Laporan Bank Dunia itu menyebut paparan panas akan terpusat di wilayah perkotaan, sementara pemanasan tercepat diproyeksikan terjadi di Pegunungan Himalaya dan area sekitarnya.

Laporan berjudul A Livable Future: Protecting Jobs and Growth from Extreme Heat in South Asia’s Cities ini meneliti peningkatan risiko panas ekstrem di Bangladesh, Bhutan, India, Maladewa, Nepal, dan Sri Lanka.

Melansir Down to Earth, Rabu (12/8/2026) tingkat bahaya paparan panas ini diperkirakan melonjak tajam dalam beberapa dekade mendatang.

Baca juga: Laporan PBB: Panas Ekstrem Kini Jadi Ancaman Besar bagi Pangan Dunia

Pada tahun 2070, sekitar 1,1 miliar orang diproyeksikan mengalami setidaknya satu hari dengan suhu panas yang tergolong "tidak dapat ditinggali" secara teori. Jumlah warga yang menghadapi kondisi ekstrem tersebut selama minimal satu bulan setahun bisa melonjak dari 120 juta menjadi 520 juta orang.

Sementara itu, hampir 63 juta orang berisiko menghadapi panas ekstrem selama tiga bulan atau lebih setiap tahunnya. Paparan panas yang berkepanjangan ini dapat membuat pekerjaan di luar ruangan makin berbahaya serta membatasi aktivitas harian warga yang tidak memiliki akses ke alat pendingin udara.

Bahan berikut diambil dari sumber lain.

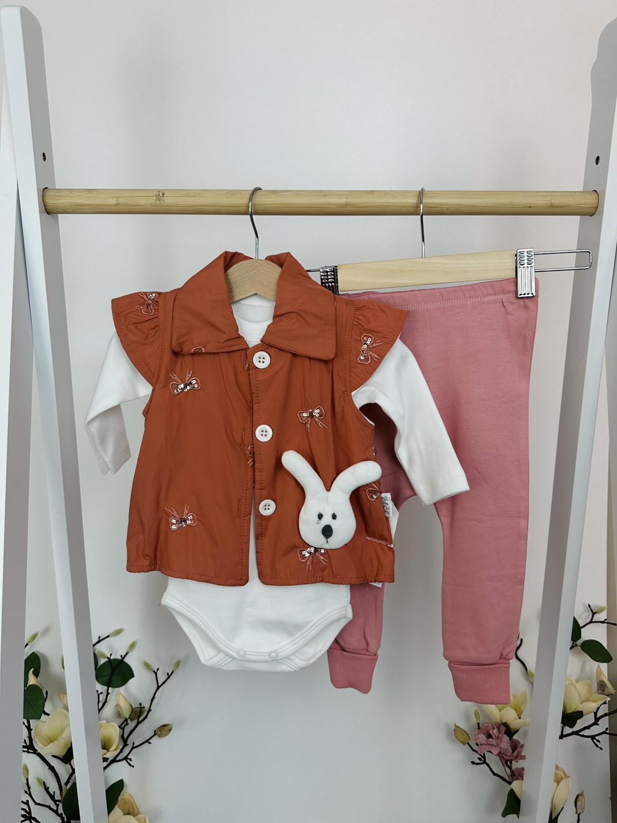 Този комплект от три части е истинско съчетание на стил, уют и игривост – създаден специално за по-хладните дни. Мекото боди с дълъг ръкав и принт на сладки зайчета осигурява комфорт през целия ден, докато розовият панталон с ластичен завършек гарантира свобода на движение. Елече в керемиден цвят, декориран с нежни бродерии и симпатично джобче-зайче, което придава индивидуалност и закачливост на визията.

Laporan ini menilai dampak panas ekstrem saat ini dan dampaknya di masa depan terhadap kesehatan, produktivitas kerja, serta perekonomian kota.

Menurut laporan tersebut, kawasan perkotaan yang padat di Asia Selatan dapat memiliki suhu malam hari yang lebih panas hingga 10 derajat C dibandingkan wilayah pedesaan di sekitarnya.

Panas ekstrem telah berdampak buruk bagi kesehatan. Kematian akibat panas sering kali dicatat sebagai gagal jantung atau gagal ginjal alih-alih karena suhu tinggi, sehingga angka kematian yang sebenarnya kemungkinan jauh lebih besar.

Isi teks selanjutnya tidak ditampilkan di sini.